自己矛盾供述の存在は,公判供述の証明力に大きな影響を及ぼす事実であり,それによって訴訟の帰趨が決せられることもありうることから,確実な認定を必要とするという考慮に基づくものと考えらえる

とのこと。

 最近考えているのは,被告人が取調べ時に(録音・録画あり)公判供述と矛盾する内容の供述をしたときに,その映像や音声を328条で証拠とすることができるのか?という問題。
 録音・録画は機械的に録取されるものだから,そこに供述特有の問題が介在するとは考えられないし,供述者たる被告人の署名・押印いらずに証拠とできそう…ということは328条で請求されるの…か?でも,そうすると弁護人としては嫌だし…という悩み。
 「取調べ時の録音・録画は実質証拠としては使うことができない」みたいな話があったが,自己矛盾供述は実質証拠いうわけではないだろうし(適当),どうしたもんかね。

回復証拠

 上記のケースをもとに,Bが員面調書で「赤信号だった」と供述している場合,328条で当該員面調書を証拠とすることができるか,つまり,証明力を争う証拠に回復証拠も含まれるかという問題である。この点については,

そもそも,公判での証言と一致する供述をしていたということ自体が,自己矛盾供述の存在により低下した証言の証明力を回復させるといえるのかには疑問がある。公判での証言と矛盾する供述と,公判での証言と一致する供述の双方があるということは,供述が変遷していることを意味しており,むしろその者の供述が信用できないことを示すものだという評価も可能だからである。この立場からは,公判での証言と一致する供述をしていた事実を示す証拠は,それと矛盾した供述をしたのは特別な事情があったからであり,それがなかった状況では一致する供述をしていたという事実を立証することによりはじめて,回復証拠として意味を持つことになる。
……例えば,……Aが,公判で証言する前に,Vの母親と会って,高価な品物を受け取っていたという事実が示されることにより,Aの公判証言が弾劾された場合に,その事実があった時よりも前になされた警察官の取調べにおいても,Aが公判での証言と同じ内容の供述をしていたことを立証することにより,当該事実が公判での証言に影響していないことを示して,公判証言の信用性を回復すると言った使い方である。

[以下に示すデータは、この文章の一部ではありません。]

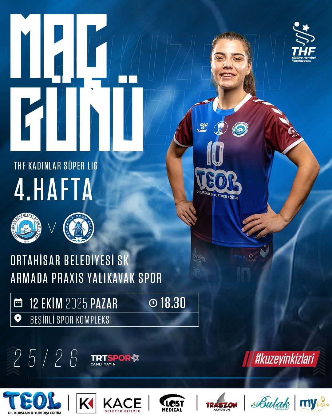 Geçen yıl başarılı bir sezonu geride bırakan ve bu yıl da lige ‘şampiyonluk’ hedefiyle başlayan Ortahisar Belediyesi SK, ligin 4. haftasında sahasında Armada Praxis Yalıkavak Spor’u ağırlayacak. Güçlü rakibi karşısında sahaya galibiyet hedefiyle çıkacak Kuzeyin Kızları, bu zorlu maçı kazanarak ligde üst sıralara tırmanmak istiyor. 12 Ekim 2025 Pazar günü saat 18.30’da Beşirli Spor Kompleksi'nde oynanacak maç, TRT Spor Yıldız ekranlarından canlı yayınlanacak.

とのこと。でも,これって結局特信情況の話じゃない?無理に回復証拠の議論を328条に押し込んで伝聞潜脱の危険性を高めるよりかは,ふつうに伝聞例外の検討した方がいいんでは?とはなんとなく思った。

やっぱり川出先生の解説最高…
 あと純粋補助事実の話もあったが,もう長くなったしめんどくさくなったし割愛。
 今号の解説は,「証明力を争う証拠」というのが実際の刑事手続きにおいてどのようにあらわれているのか具体的にイメージしやすく,めちゃくちゃいいと思う。単に,328条は「自己矛盾供述に限られる」「回復証拠はだめ…」とかそういった字面でものごとを考えても,体で覚えることはできないだろうし。
 やっぱ川出先生の解説は最高だわ。過去の巻末演習もやったことあるけど,一罪一逮捕一勾留の原則,その例外とかも最高だったし。早く教科書出してほしい。